START RECORDS FOR THE TASK

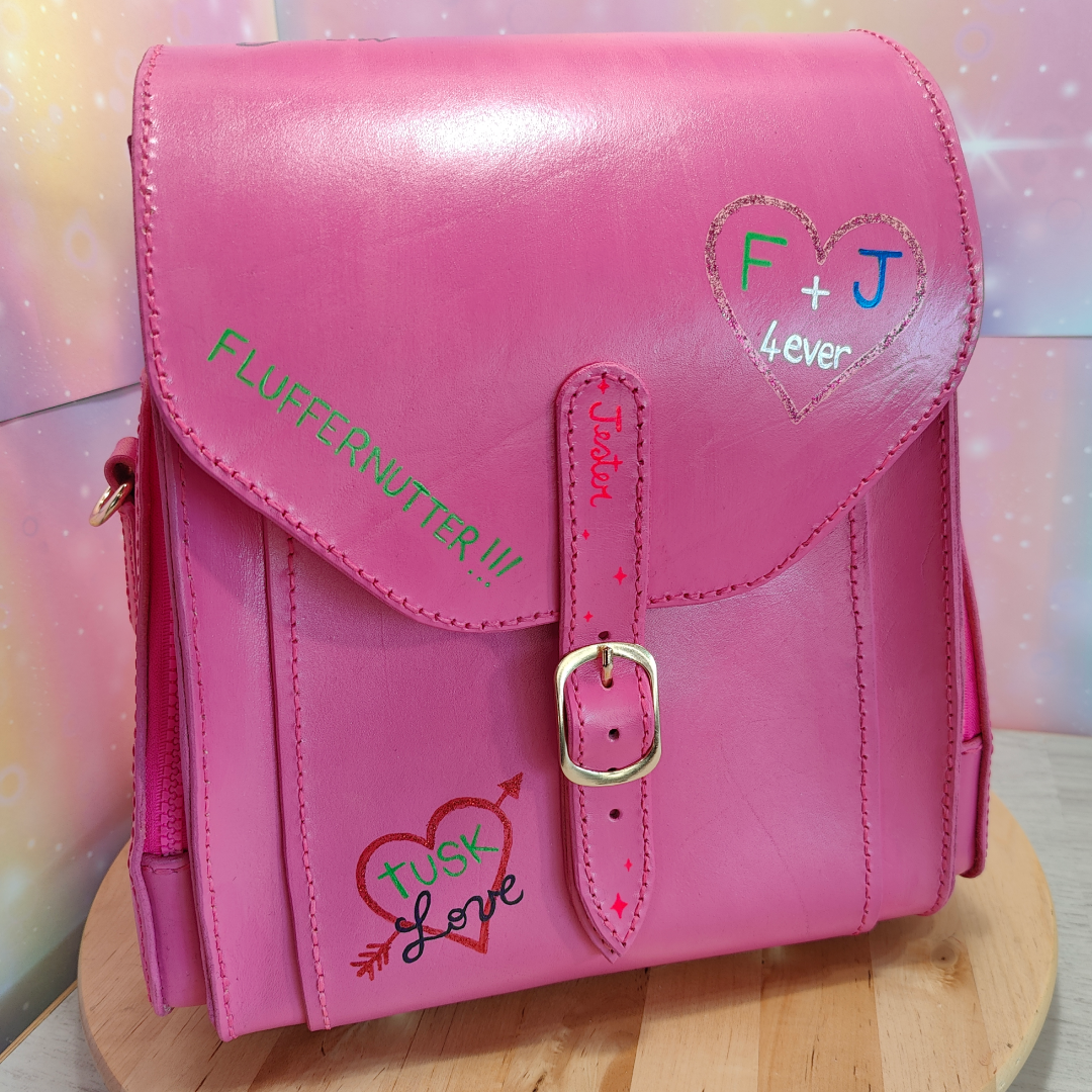 Inspired by Jester pink haversack I've made this custom leather backpack/bag 🧁🍭 The idea was to give off school backpack vibes, so it’s decorated with small drawings and phrases in that style.
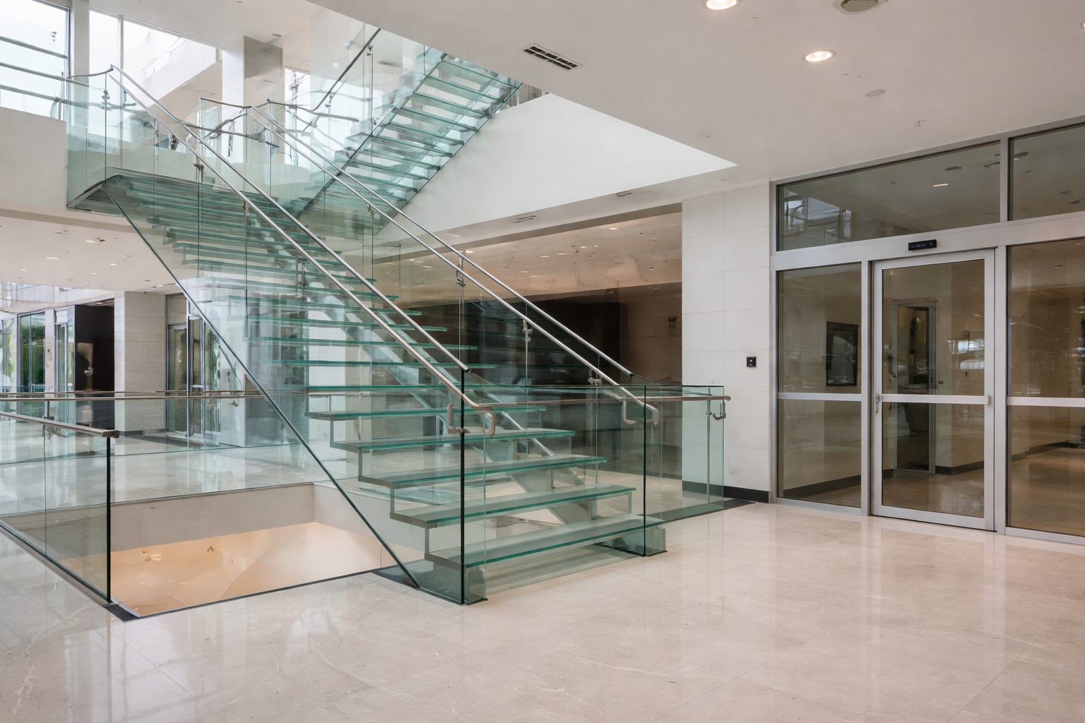 Glass stairs, stainless steel handrails, balustrades, and high-quality automatic door systems.
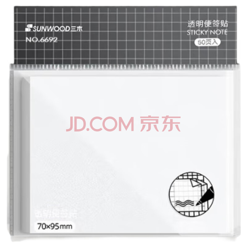 商品相册:三木(SUNWOOD)50张透明便利贴粘性便签纸 70*95mm透视贴n次贴 备忘留言纸/记事贴/自粘留言本办公用品 6692第
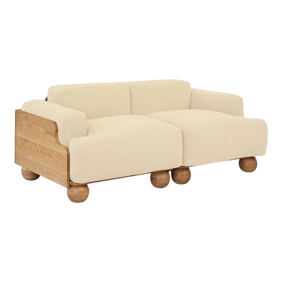Nismaaya Batson Oak Wood 2 Seater Sofa White
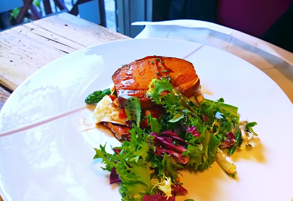 Nälkäisinä napsimme alkupalat vähän turhankin nopeaan tahtiin, vaikka yritin himmailla ja keskittyä makuihin. Lajitelma oli kaunis, lihat hyvin valmistettuja ja makuparit kekseliäitä, mutta eivät väkisin väännetyn erikoisia. Ainoastaan lakkahillon kanssa tarjottu leipäjuusto oli aika tylsä. Juustolle olisi voinut keksiä hiukan erikoisemman, sesongin mukaisen lisukkeen. Esimerkiksi mansikasta olisi voinut viritellä jotakin.

END RECORDS FOR THE TASK

■ PROBLEM:
Set down the entries word for word, omitting all pictures.

■ RESPONSE:
 Inspired by Jester pink haversack I've made this custom leather backpack/bag 🧁🍭 The idea was to give off school backpack vibes, so it’s decorated with small drawings and phrases in that style.
 Glass stairs, stainless steel handrails, balustrades, and high-quality automatic door systems.
 商品相册:三木(SUNWOOD)50张透明便利贴粘性便签纸 70*95mm透视贴n次贴 备忘留言纸/记事贴/自粘留言本办公用品 6692第
Nismaaya Batson Oak Wood 2 Seater Sofa White
 Nälkäisinä napsimme alkupalat vähän turhankin nopeaan tahtiin, vaikka yritin himmailla ja keskittyä makuihin. Lajitelma oli kaunis, lihat hyvin valmistettuja ja makuparit kekseliäitä, mutta eivät väkisin väännetyn erikoisia. Ainoastaan lakkahillon kanssa tarjottu leipäjuusto oli aika tylsä. Juustolle olisi voinut keksiä hiukan erikoisemman, sesongin mukaisen lisukkeen. Esimerkiksi mansikasta olisi voinut viritellä jotakin.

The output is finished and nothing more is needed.